本文为译文
- 原文链接:https://towardsdatascience.com/solving-a-simple-classification-problem-with-python-fruits-lovers-edition-d20ab6b071d2
- 原作者:Susan Li
-
主页地址:https://towardsdatascience.com/@actsusanli?source=post_header_lockup
- 本文我们将实现几个python中scikit-learn中的机器学习算法。使用一个简单的数据集作为分类器训练集去区分不同类型的水果。
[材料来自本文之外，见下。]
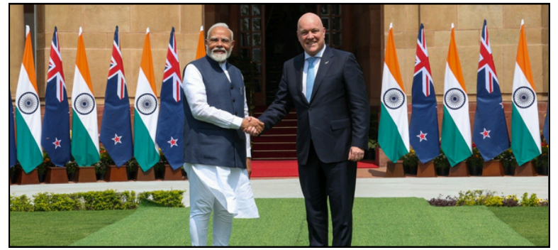
নতুন দিল্লীত নিউডিলেঙৰ প্ৰধানমন্ত্ৰী ক্ৰিষ্টফাৰ লাক্সনক আদৰণি প্ৰধানমন্ত্ৰীৰ

ই-সংবাদ, ১৭ মাৰ্চঃ অসম প্ৰদেশ কংগ্ৰেছে পঞ্চায়ত নিৰ্বাচনৰ তাৰিখ ৩০ মাৰ্চৰ ভিতৰত ঘোষণা নকৰিলে গৌহাটী উচ্চ ন্যায়ালয়ৰ কাষ চাপিব বুলি ভাবুকি দি হিমন্ত বিশ্ব শৰ্মা নেতৃত্বাধীন ৰাজ্য চৰকাৰক কঠোৰ সতৰ্কবাণী প্ৰদান কৰিছে। দলৰ সভাপতি ভূপেন কুমাৰ বৰাই বিলম্ব হোৱাৰ ফলত কেন্দ্ৰীয় থামোন্নয়ন পুঁজিত ১১০০ কোটি শেষাংশ ৪ পৃষ্ঠাত

- 这篇文章的目的是为了识别最适合手头问题的机器学习算法,从而我们想要去比较不同的算法,选择表现最好的一个。
-
开始吧!
- 数据来源爱丁堡大学的一位同学—— Dr. Iain Murray 他买了大量的水果进行测量得到这份数据
- 数据可以到本文作者的github中下载——here
先预览下数据好了
%matplotlib inline
import pandas as pd
import numpy as np
import matplotlib.pyplot as plt
fruits = pd.read_table('fruit_data_with_colors.txt')
fruits.head()
fruit_label | fruit_name | fruit_subtype | mass | width | height | color_score | |
---|---|---|---|---|---|---|---|
0 | 1 | apple | granny_smith | 192 | 8.4 | 7.3 | 0.55 |
1 | 1 | apple | granny_smith | 180 | 8.0 | 6.8 | 0.59 |
2 | 1 | apple | granny_smith | 176 | 7.4 | 7.2 | 0.60 |
3 | 2 | mandarin | mandarin | 86 | 6.2 | 4.7 | 0.80 |
4 | 2 | mandarin | mandarin | 84 | 6.0 | 4.6 | 0.79 |
每一行代表一个水果,表格列代表着特征值
总过有59个水果和7个特征值
fruits.shape
(59, 7)
- 查看下一个哪几种种水果?
print(fruits.fruit_name.unique())
['apple' 'mandarin' 'orange' 'lemon']
- 各种类水果分别有多少个?
fruits.groupby('fruit_name').size()
fruit_name
apple 19
lemon 16
mandarin 5
orange 19
dtype: int64
import seaborn as sns
sns.countplot(fruits['fruit_name'],label= 'Count')
plt.show()
- 线箱图将使我们更清楚的了解每个数字变量的分布情况
fruits.drop('fruit_label',axis=1).plot(kind='box',subplots = True,
layout=(2,2),sharex = False,
sharey = False,figsize= (9,9),
title ='Box Plot for each input variable')
plt.savefig('fruits_box')
plt.show()
- 上图看起来貌似颜色这个特征有点接近正态分布,我们再看下直方图
import pylab as pl
fruits.drop('fruit_label',axis=1).hist(bins=30,figsize=(9,9))
pl.suptitle('Histogram for each numeric input variable')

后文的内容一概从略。